Еремей Парнов - Заговор против маршалов
Военный совет не цирк, а командарм не коверный, жаждущий сорвать аплодисменты и смех. До сих пор в Советской стране гордо звучало слово человек, а не лейтенант. От грубой лести по адресу неоперившейся молодежи попахивает рецидивом троцкизма. Если не хуже. Впав в раж, Якир договорился до того, что начал хвалить царские порядки:
«Раньше судьбу полковника мог решить один царь, а чем плох наш советский полковник?» — спросил на радость скрытым врагам и не постеснялся внести дикое предложение, чтобы без санкции наркома никто не мог ни арестовать высшего командира, ни переместить.
Чего он хотел достичь такой демагогией? Поднять авторитет наркома, ублажить, так сказать? Климент Ефремович обласкал его за маневры, объявил благодарность... А если цель совершенно иная? Далеко идущая цель?
Вот и думай теперь, кого он стремился заранее уберечь? Какие кадры спасал наперед?
Прояснились тайные корешки, и совсем иная нарисовалась картина.
Работу — мысль, казалось, обрела второе дыхание — нарушил порученец. Фельдъегерь из «Правды» доставил корректуру со статьей Фриновского.
Ежов внимательно прочитал свежие, пахнущие краской столбцы. Последний абзац содержал здравицу в честь славного сталинского наркома внутренних дел СССР и генерального комиссара государственной безопасности Г. Г. Ягоды.
— Отнесите Фриновскому,— сказал он, собрав со стола бумаги.— Я поехал в ЦК.

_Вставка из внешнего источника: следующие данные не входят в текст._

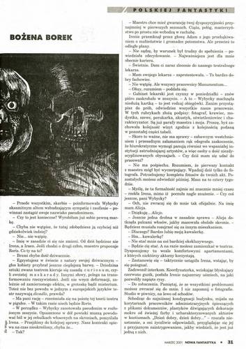 Божена Борек – театральная актриса, чье основное амплуа: колдунья. Как и в дебютном рассказе, действие этого рассказа разворачивается в атмосфере horror-а в театральной среде и речь идет о театральном искусстве и той цене, которую за него иногда приходится платить. Позже рассказ нигде не перепечатывался. На русский язык (как, впрочем, и на другие языки) не переводился.

Начальник погрануправления поразился оперативности редакции. Обещанная «болванка», в которой ему не принадлежало ни строчки, на поверку оказалась вполне законченным материалом. Написано было гладко и, наверное, правильно с агитационно-пропагандистских позиций. Душевный подъем приглушил мутноватое чувство опаски. Да и выбора не было. Не найдя, к чему придраться, Фриновский подписал, ничего не вычеркнув и ничего не добавив.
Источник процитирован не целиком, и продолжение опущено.